+9 Let \(S = \{1, 2, 3, \dots, n\}.\)Three subsets A, B, C of S are chosen at random.
(a) Find the probability that \(A \cup B \cup C = S.\)
(b) Find the probability that \(A \subseteq B \subseteq C.\)
Can anyone use complete sentences and explain all steps to the solution?
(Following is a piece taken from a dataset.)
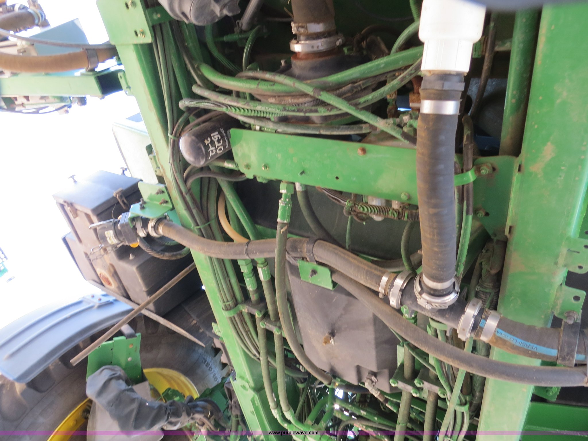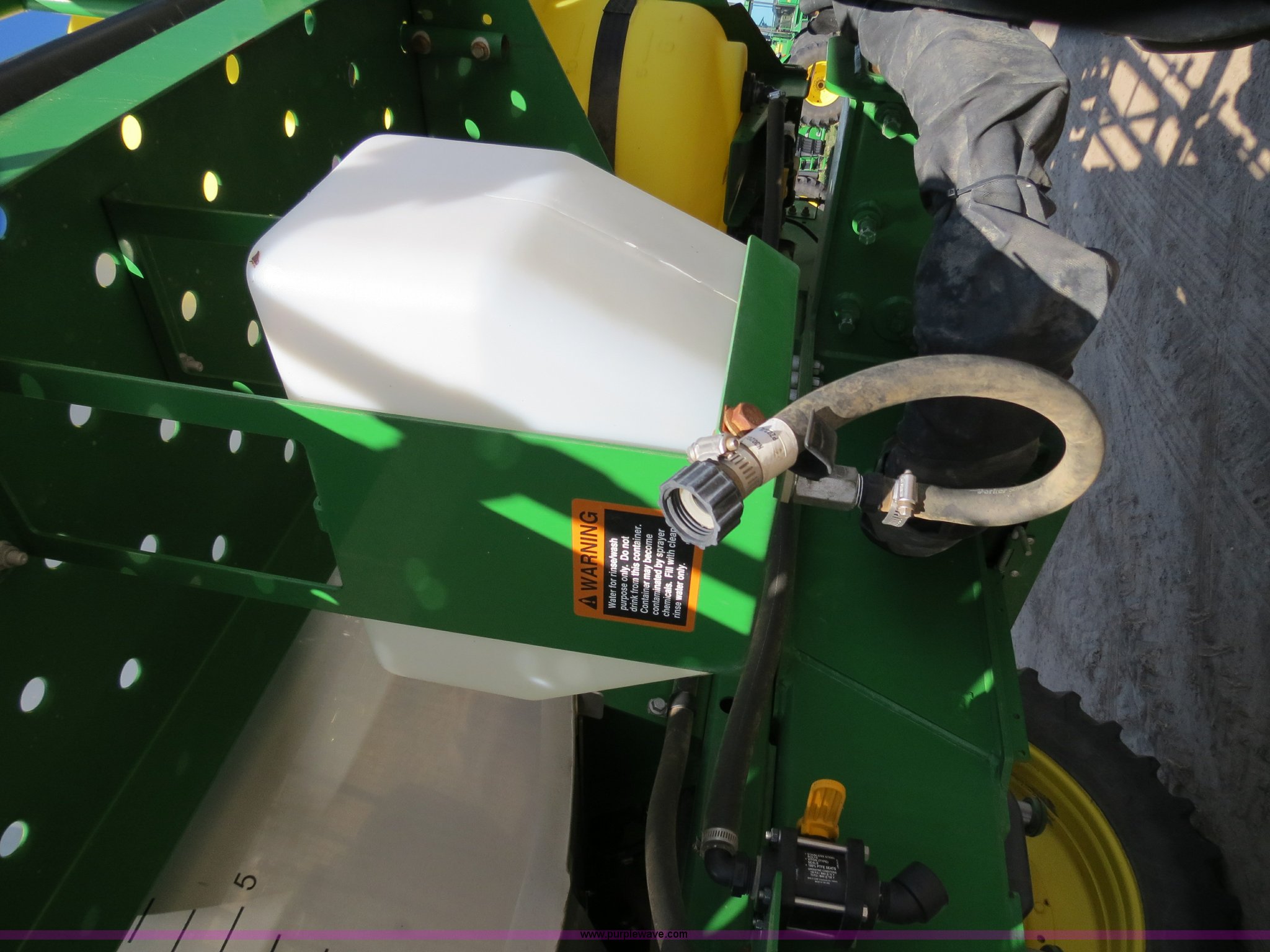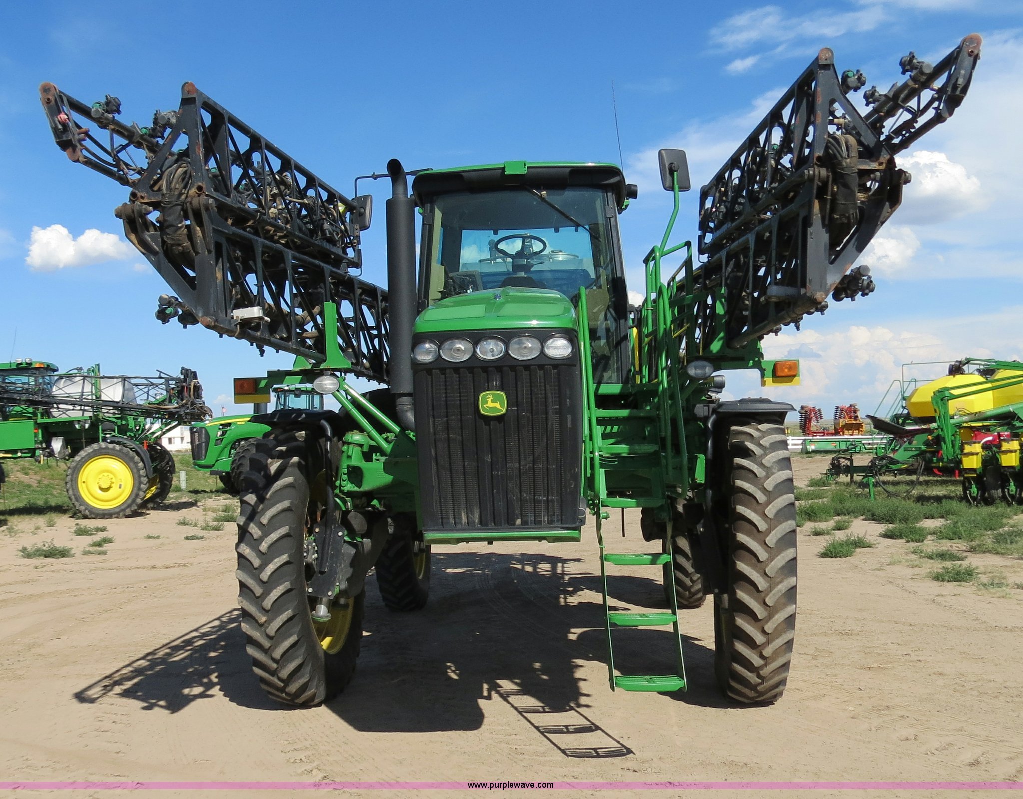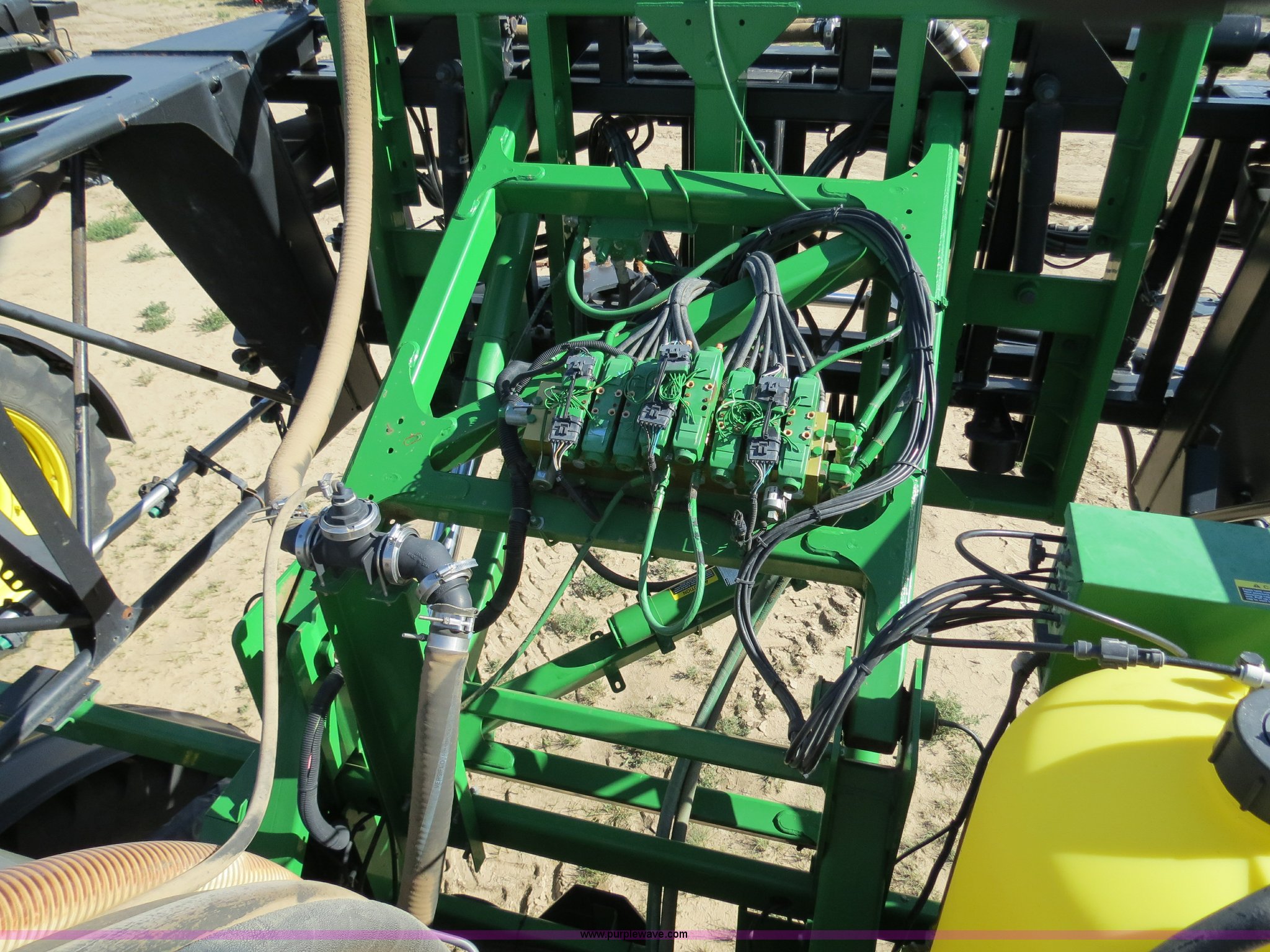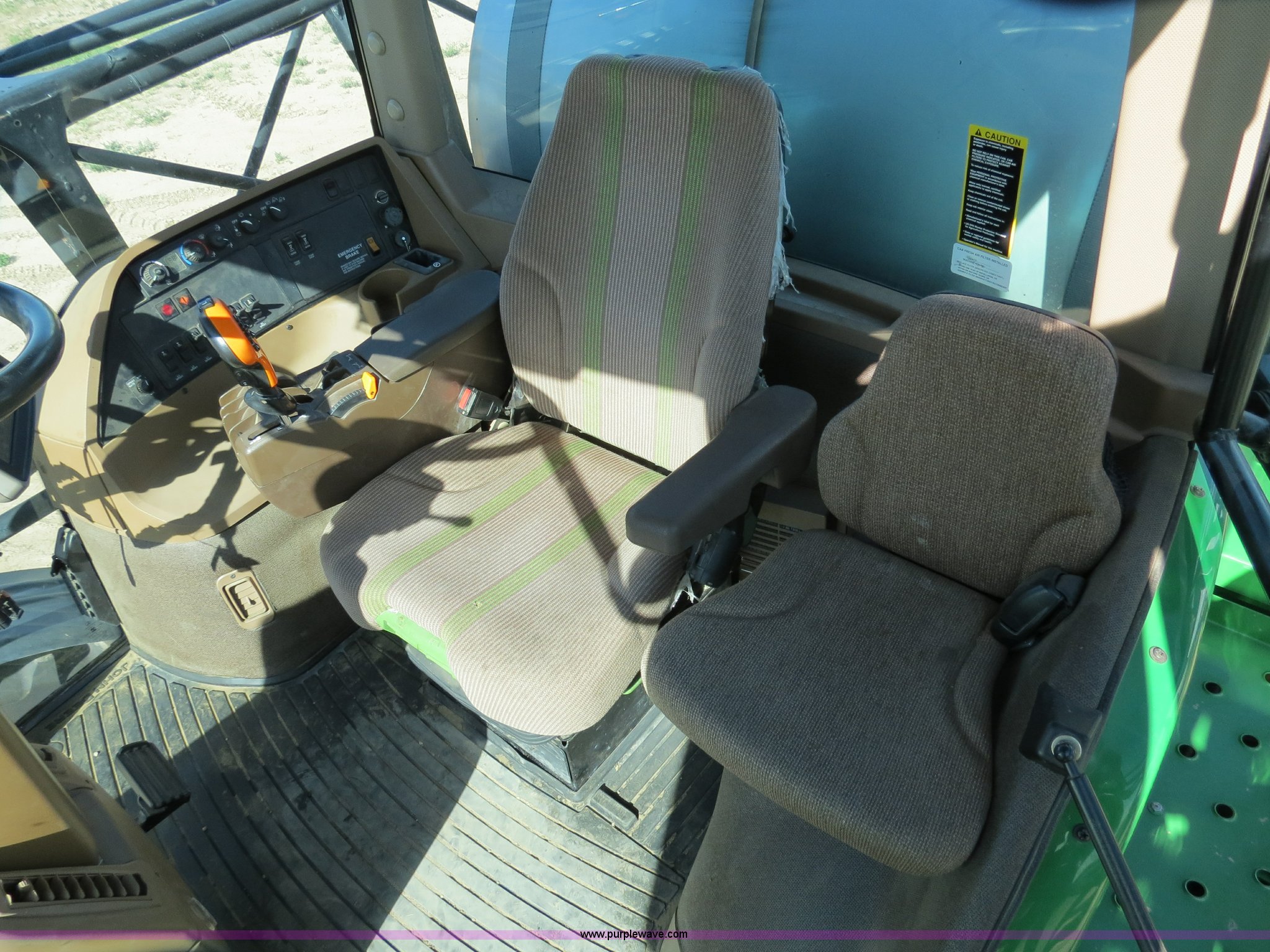 Purple Wave is selling a used Applicator Self Propelled in Colorado. This item is a 2009 John Deere 4930 self-propelled sprayer with the following: 1,870 hours on meter, John Deere 6090 9.0L six cylinder diesel engine, 325 HP, Serial RG6090L046067, Hydrostatic transmission, Four wheel drive, Engine block heater, 1,200 gallon stainless steel tank, 150 gallon rinse tank, 120'W boom, (7) boom sections, 20" nozzle spacing, Hydraulic height adjust, Hydraulic boom fold, Foam marker, Stainless steel chemical eductor, Auto air spring level system, Five position standard flow nozzle, Wet boom, Fence row nozzles, Boomtrac auto level system five sensor, AC and heat, AM/FM/CD, (4) speakers, Air suspension seat, Tilt/telescoping steering wheel, Xenon HID work lights, Radar ground speed sensor, Row crop fenders, Wheel motor shields, Wheel traction control, Hydraulic axle width adjust, 380/105R50 tires, Serial N04930X006154, Unit# C019027

Help would be appreciated!
+1758 Part (a): The number of ways to choose three subsets A, B, and C of S is 2^n * 2^n * 2^n = 2^(3n).
Now, let's count the number of ways to choose A, B, and C such that their union is S. We can do this by considering the complement of the union, which is the intersection of the complements of A, B, and C. This intersection must be the empty set.
There are 2^n ways to choose the complement of A, 2^n ways to choose the complement of B, and 2^n ways to choose the complement of C.
However, we have overcounted the number of ways to choose the empty set as the intersection, because there are 3 ways to choose which complement is empty and the other two complements are not.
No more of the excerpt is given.